*How to complete this task*:
Your reply must contain the full listing below, reproduced exactly, but no pictures.

*Source material*:
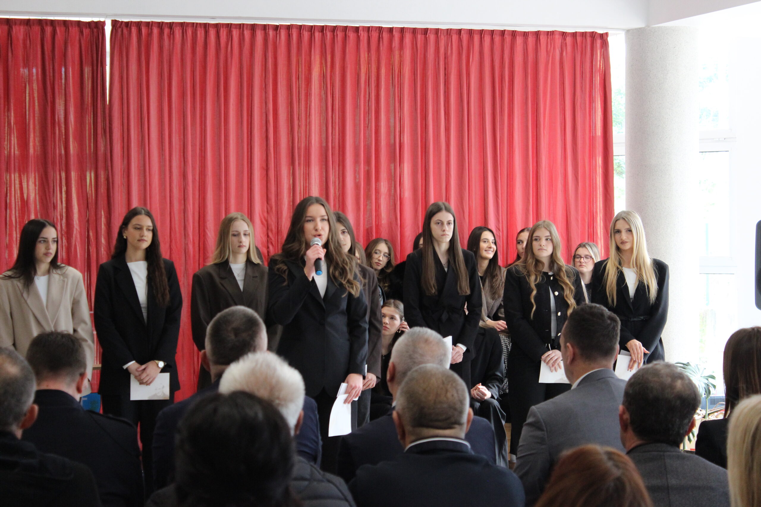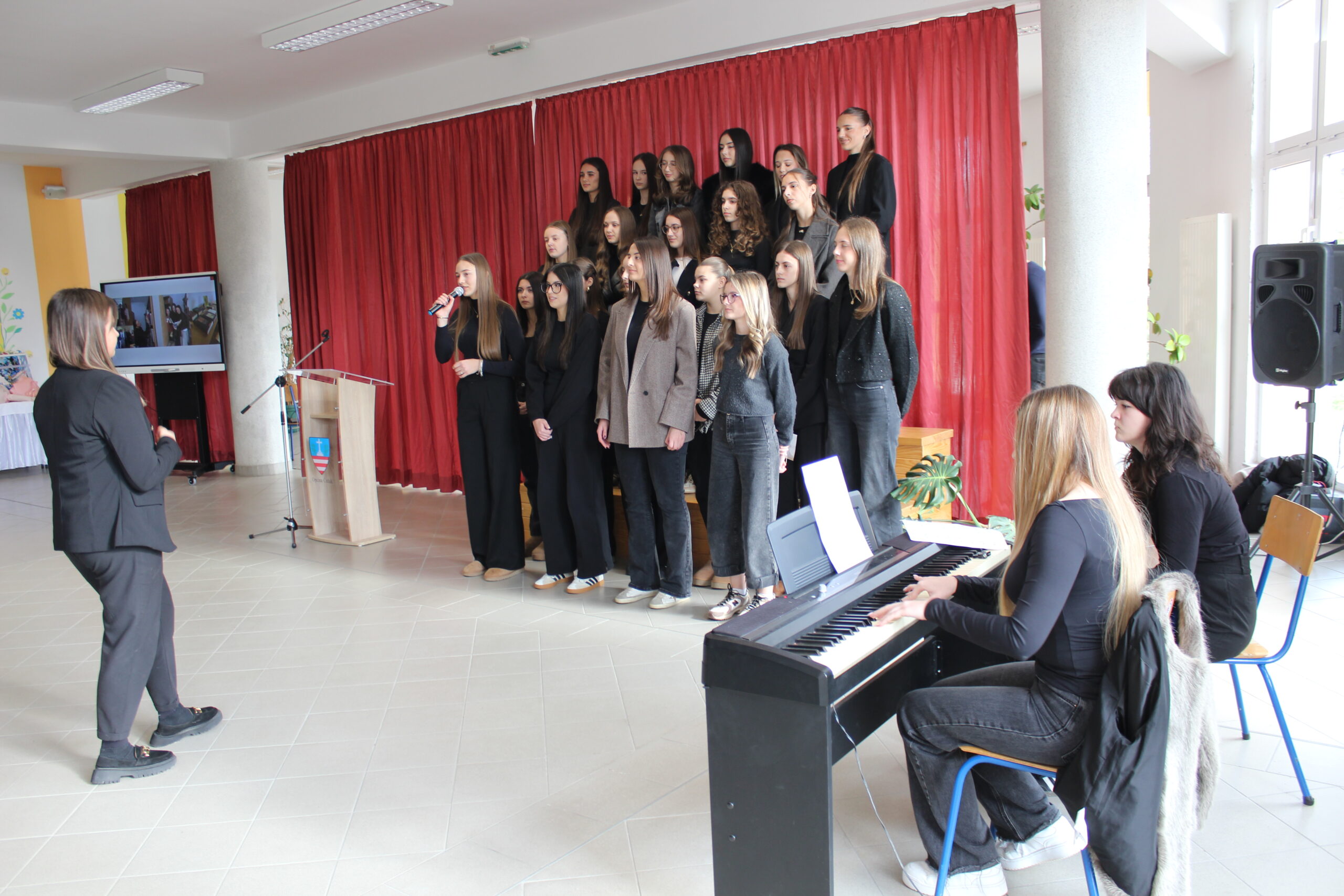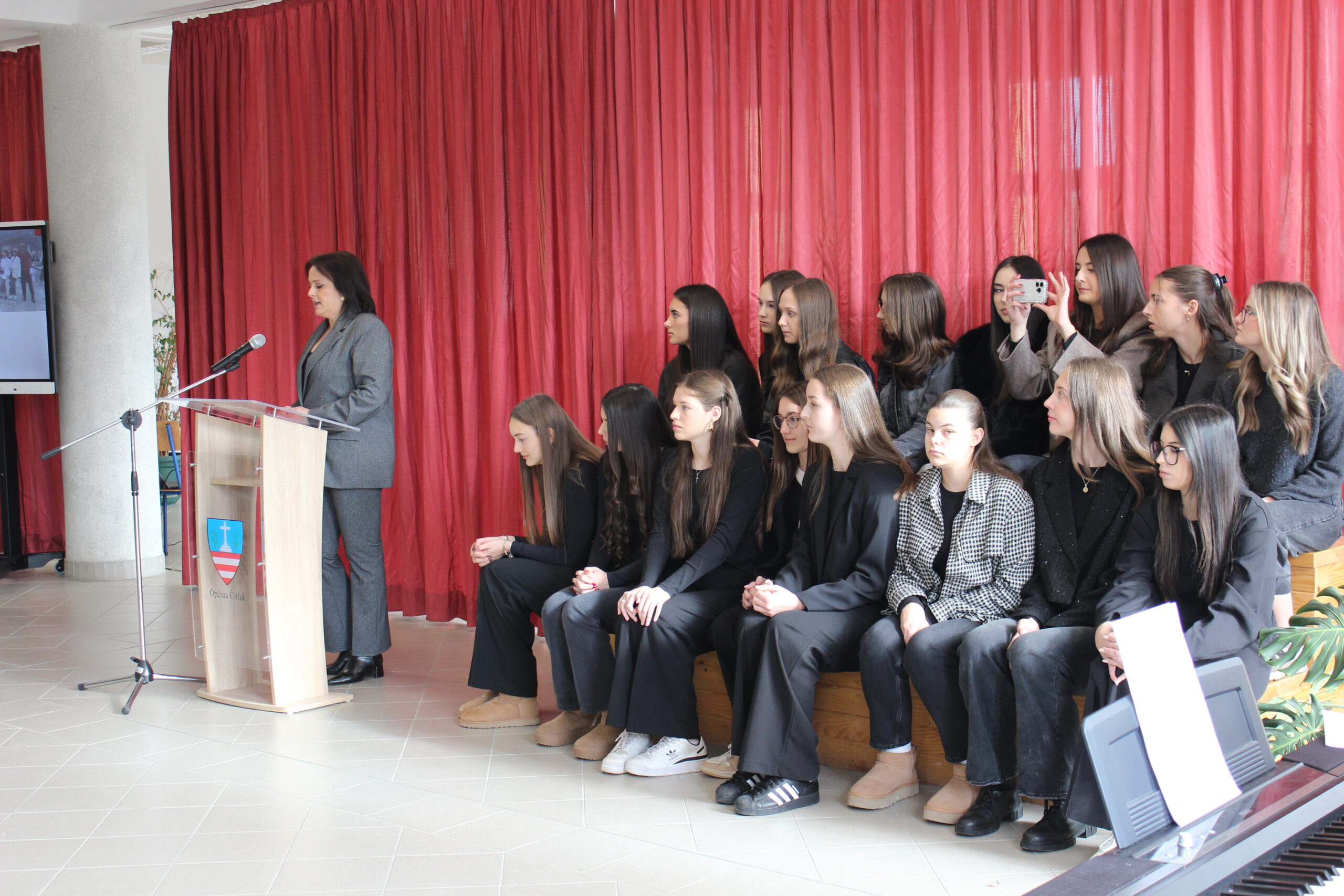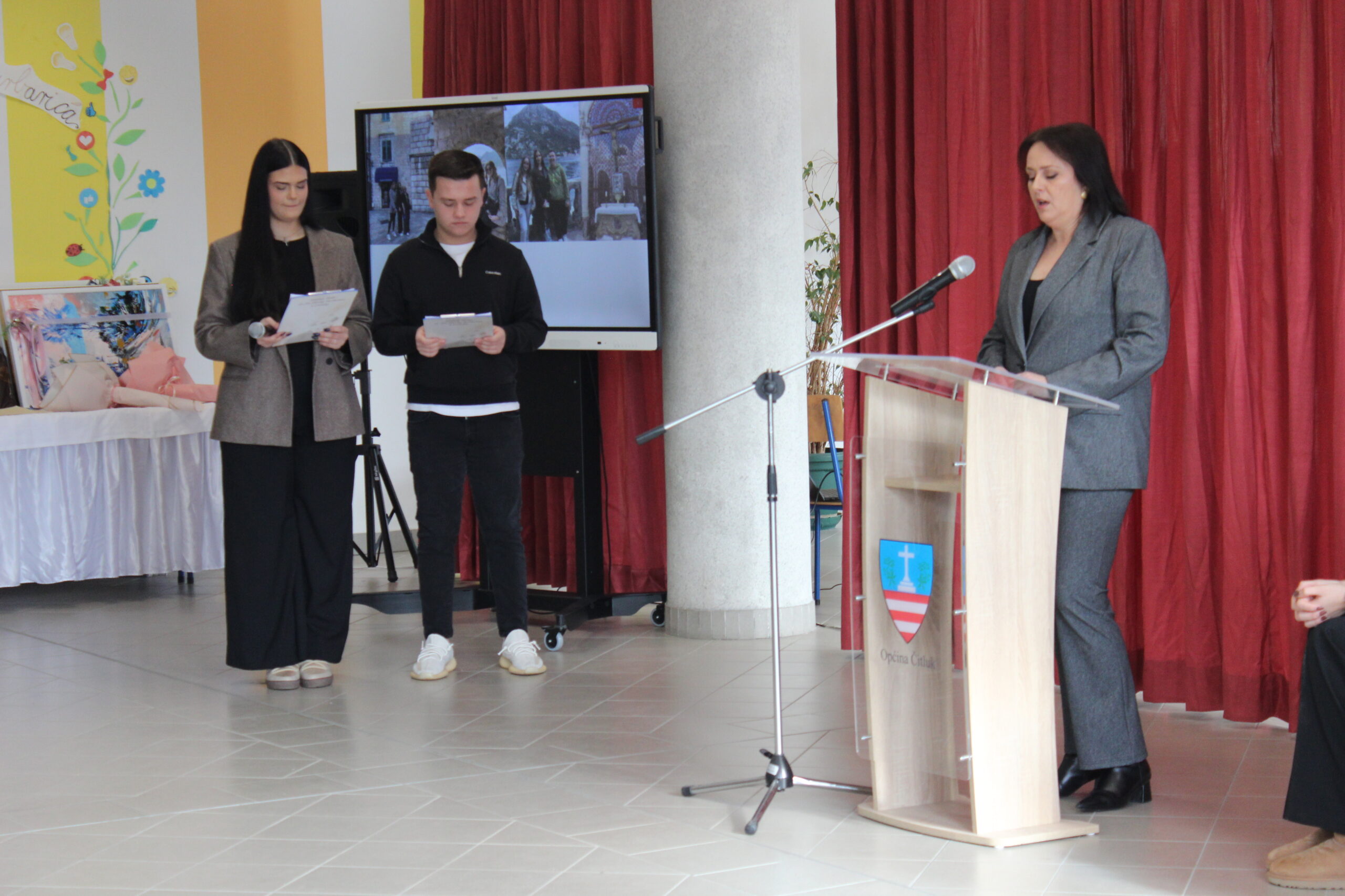 Svečanost je započela himnom “Lijepa naša”, a potom je uslijedila pjesma „Zaustavi se vjetre“ u izvedbi školske glazbene sekcije pod vodstvom prof. Magdalene Jurić, koja je dobila veliki pljesak publike.
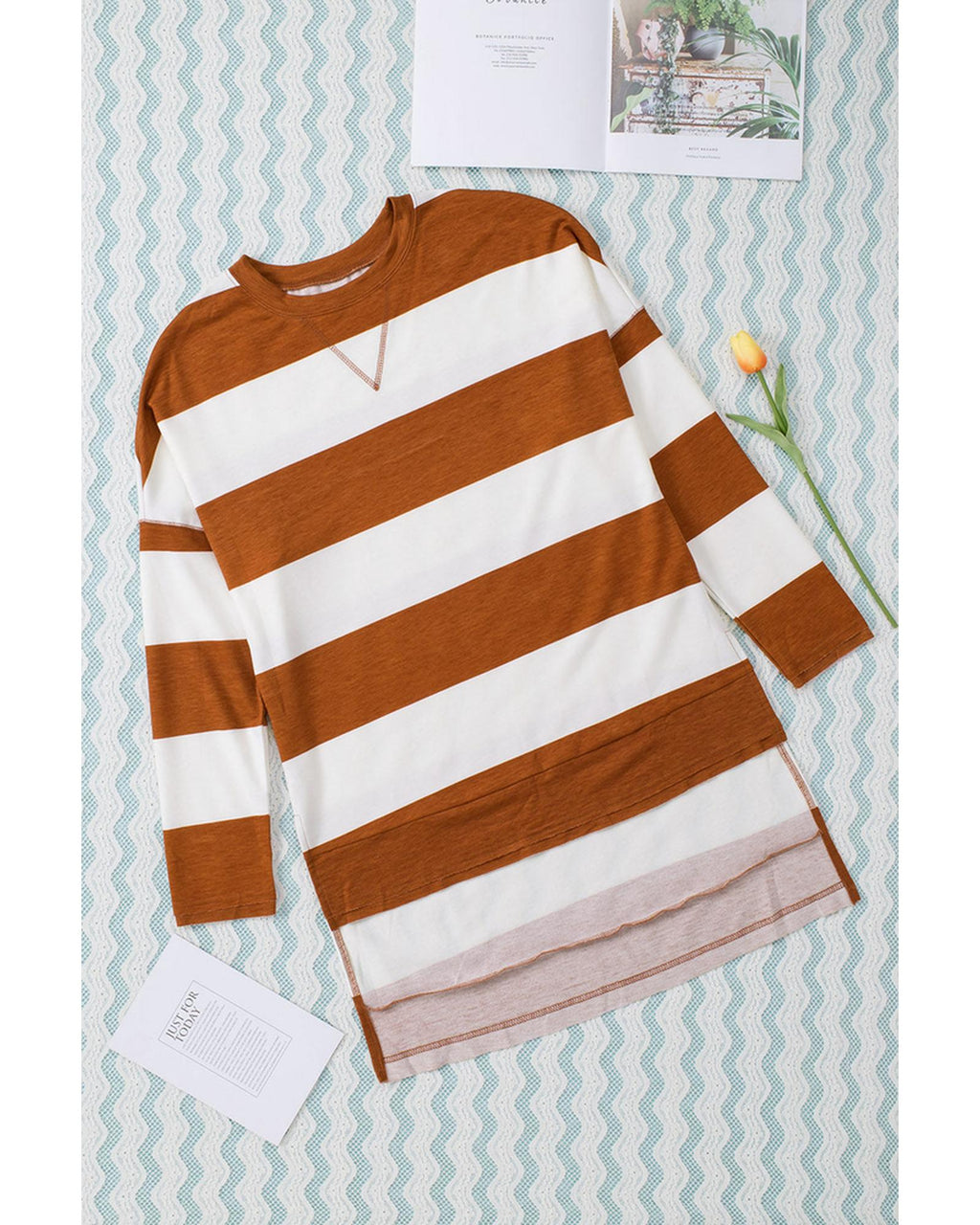 Azura Exchange Drop Shoulder Striped Sweatshirt - L
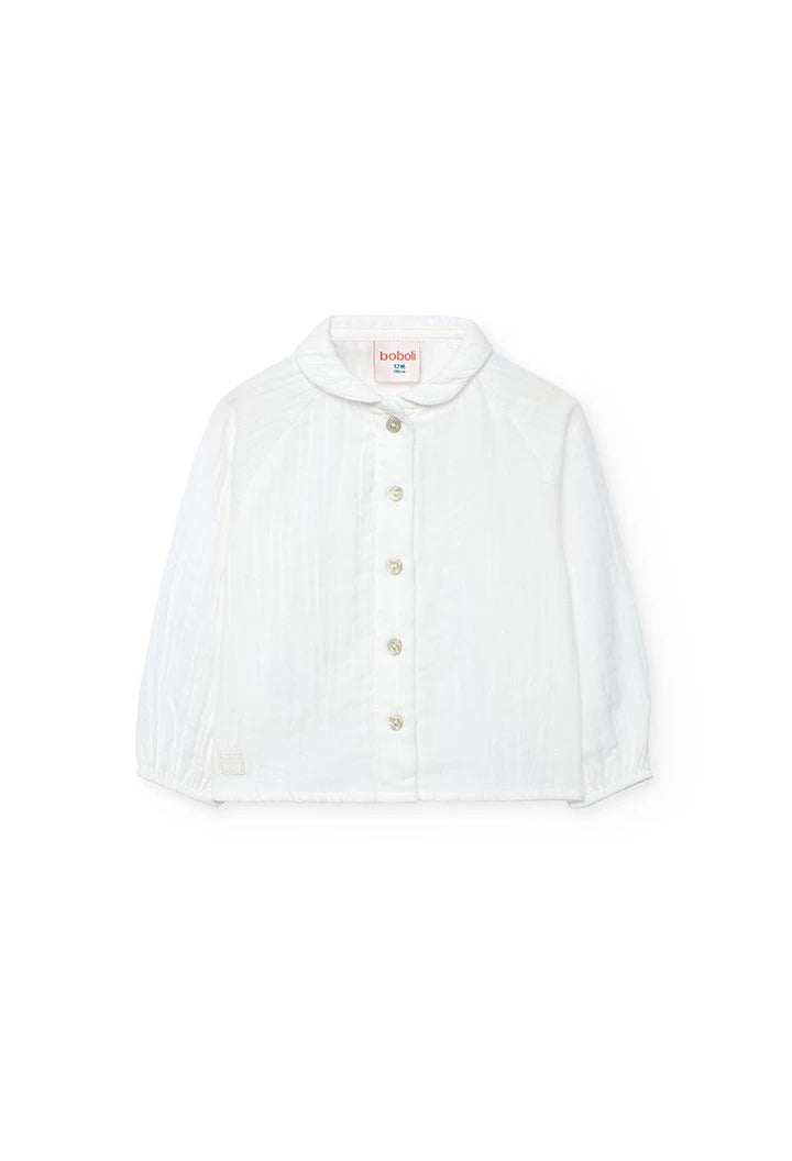 Camicia bianca per bambina, realizzata in un tessuto leggero e traspirante, ideale per le stagioni calde e garantendo comfort in ogni momento. Il design presenta un delicato scollo rotondo e piccoli bottoni sul davanti, che conferiscono uno stile classico e raffinato.

*Exercise result*:
 Svečanost je započela himnom “Lijepa naša”, a potom je uslijedila pjesma „Zaustavi se vjetre“ u izvedbi školske glazbene sekcije pod vodstvom prof. Magdalene Jurić, koja je dobila veliki pljesak publike.
 Azura Exchange Drop Shoulder Striped Sweatshirt - L
 Camicia bianca per bambina, realizzata in un tessuto leggero e traspirante, ideale per le stagioni calde e garantendo comfort in ogni momento. Il design presenta un delicato scollo rotondo e piccoli bottoni sul davanti, che conferiscono uno stile classico e raffinato.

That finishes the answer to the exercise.